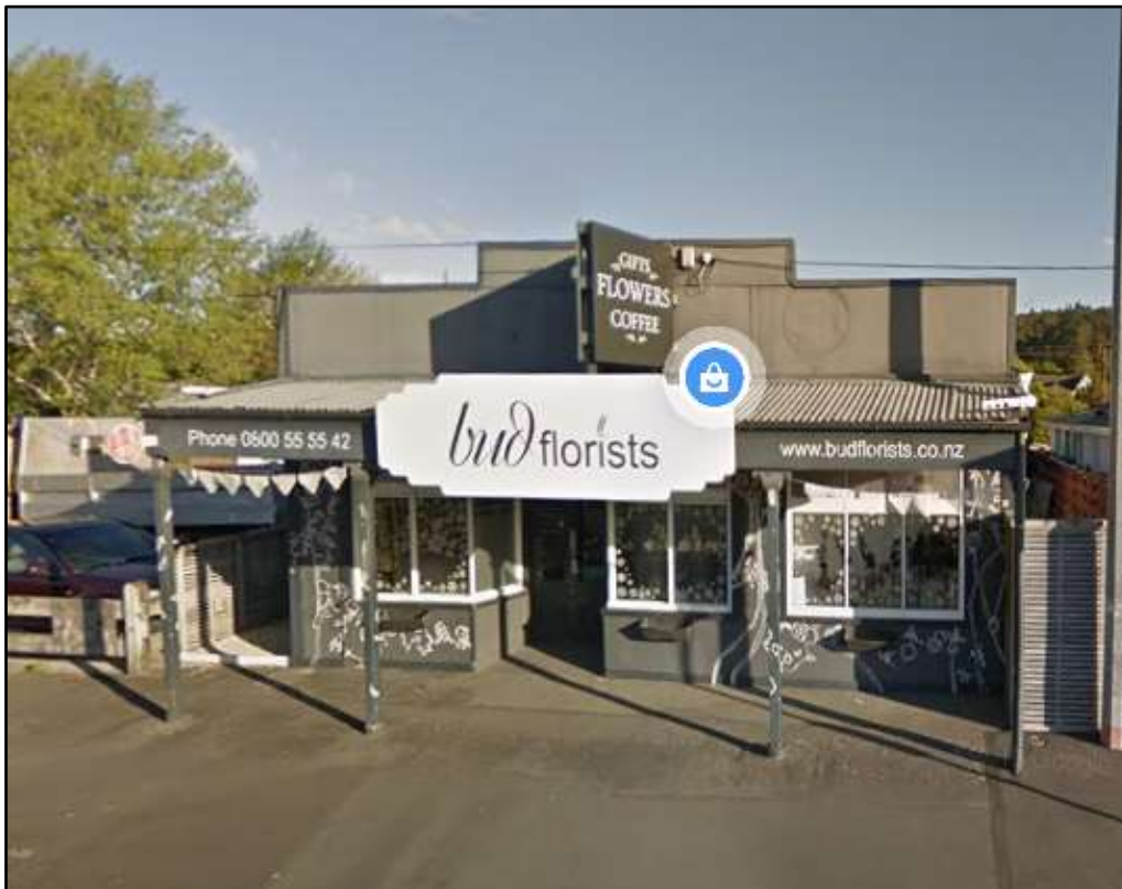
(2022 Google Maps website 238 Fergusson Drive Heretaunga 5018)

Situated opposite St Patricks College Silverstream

---

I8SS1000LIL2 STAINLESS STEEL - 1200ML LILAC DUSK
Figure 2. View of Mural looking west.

* * *

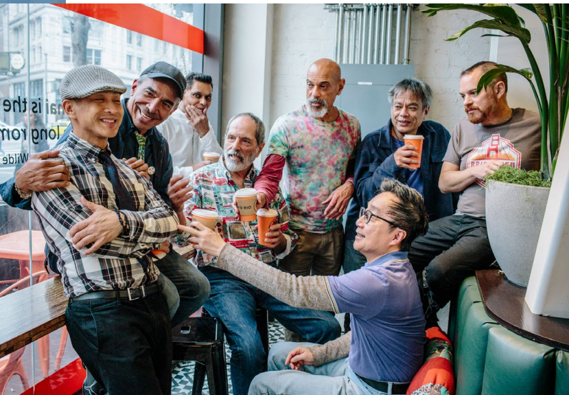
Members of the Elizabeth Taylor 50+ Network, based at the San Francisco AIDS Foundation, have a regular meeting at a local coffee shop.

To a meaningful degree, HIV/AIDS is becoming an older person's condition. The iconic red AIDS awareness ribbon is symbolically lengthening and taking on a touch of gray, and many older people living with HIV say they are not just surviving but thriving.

PROBLEM STATEMENT —
An exact copy of the lines above, from the one containing "(2022 Google Maps" down to the one containing "Situated opposite St" and including both, is the whole answer; retype it and nothing else.

TASK RESPONSE —
(2022 Google Maps website 238 Fergusson Drive Heretaunga 5018)

Situated opposite St Patricks College Silverstream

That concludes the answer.